Before mum went into the carehome I visited her and her husband at least 3 times a week and had reduced my hours at work so we could spend more time together and I could help out on a practical level.

The care home she's in is about 25 miles away and depending on traffic takes about 40-60 mins each way. Since she's been at there I have been keeping up my x3 a week visits but finding them harder and harder. Mum barely acknowledges my presence, most of the time she talks to me in the same way she talks to the carers. Is she does speak to me she will say ' I haven't seen Rosie in a while', if I try to explain I am Rosie she will get annoyed with me and say 'no you are not, you're not my Rosie'. When I visited Sunday and I said 'hi mum it's Rosie' all I got was "oh god not again". I brought my dog in with me and I asked mum if she wanted to say hello to the dog she said "not particularly". Over the past couple of years I've had all kind of comments said to me by mum, often quite upsetting. I've stayed with her for weeks at a time when her husband was in hospital, I've reduced my hours and therefore suffered financially and I've been on antidepressants nearly two year trying to cope with Mum's dementia. I'm just finding this visiting at the care home so hard. Two hours driving to sit with my mum for an hour ignoring me. I try to talk to her and get her to engage in activities but she's no longer interested. If I don't visit as often I feel like I have abandoned her.
 
Last edited:

CollegeGirl

Registered User
Jan 19, 2011
9,525
0
North East England
Hello, Homerose, and welcome. I'm sorry your visits are so upsetting. I think you should reduce them to, say, just once a week, at least for a little while, to give yourself some much needed breathing space.

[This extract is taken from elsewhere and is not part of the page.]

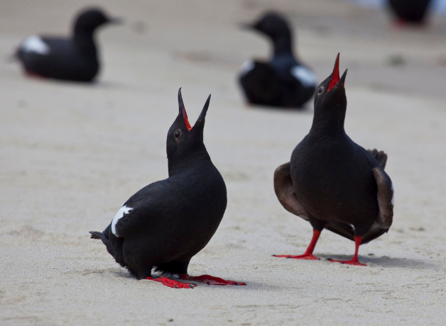 Although many seabirds utter groans and croaks, the Pigeon Guillemot produces a lovely series of trills and whistles. As part of their courtship, they fly side by side in large circles and loops, a perfectly synchronized flying act. These guillemots do not breed until they are between three and five years old. The male chooses a site in a crevice or cave, among boulders, under driftwood, on a wharf, or even in a pipe.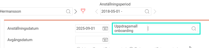 Koppla rätt uppdragsmall bredvid anställningsdatum i rutan för Uppdragsmall Onboarding

Are you happy with the care she is receiving? If so, then you know she is safe, warm and looked after, and these are important things. There's nothing to stop you telephoning the home in between visits, to get updates on your mum, to reassure yourself that all is well.

Something I've thought of - perhaps while you reduce your visits, you could send your mum a weekly postcard, or short note on a pretty notelet, that either she could read, if this is still possible for her to do, or that the carers could read to her. She could carry it round and you may find she reads it or has it read to her many times in the week, and it might comfort her to know that Rosie hasn't forgotten her, and that Rosie will be visiting in a few days' time?

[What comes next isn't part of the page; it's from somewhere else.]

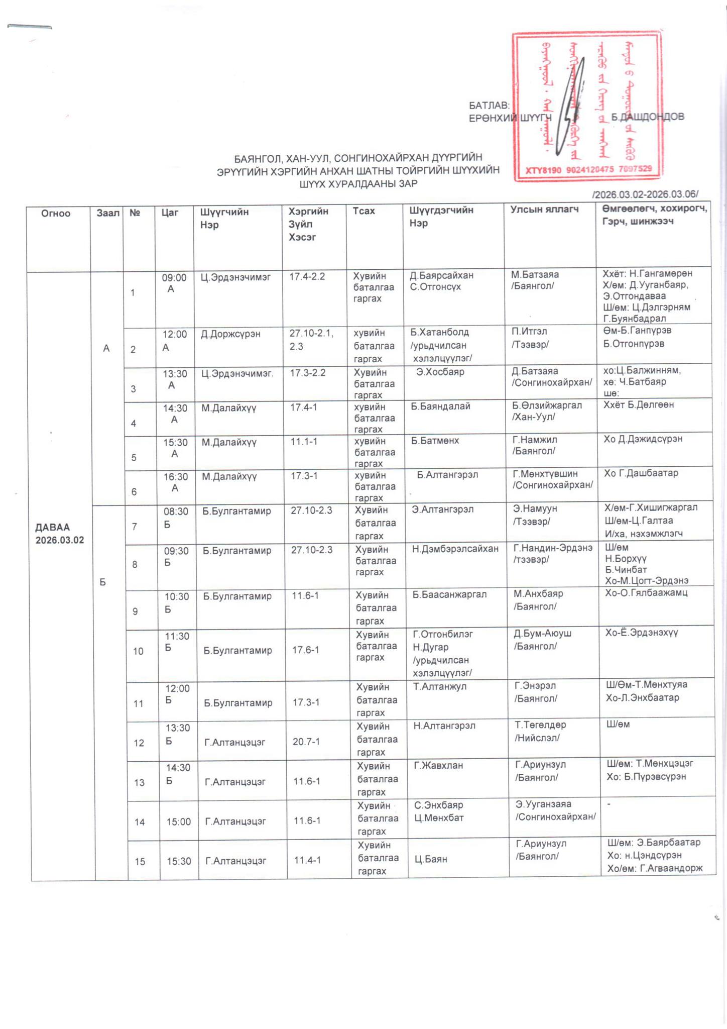 БАЯНГОЛ, ХАН-УУЛ, СОНГИНОХАЙРХАН ДҮҮРГИЙН ЭРҮҮГИЙН ХЭРГИЙН АНХАН ШАТНЫ ТОЙРГИЙН ШҮҮХИЙН ШҮҮХ ХУРАЛДААНЫ ЗАР /2026.03.02-03.06/

You need to look after yourself and your own mental health is very important. You certainly haven't abandoned her; you obviously care a great deal.

xx
 

Chemmy

Registered User
Nov 7, 2011
7,589
0
Yorkshire
Perhaps think of it this way?

There are 24 x 7 = 168 hours in a week.

If someone visited for two hours a day every day, that would only add up to fourteen hours, so even then your mum would still be spending over 90% of her time without any family there. That is the reality of moving into residential care and the staff and other residents should, in time, become her extended family.

So cutting your visits in the first instance down to once a week from the three times you do now isn't actually going to make that much difference in the overall scheme of things.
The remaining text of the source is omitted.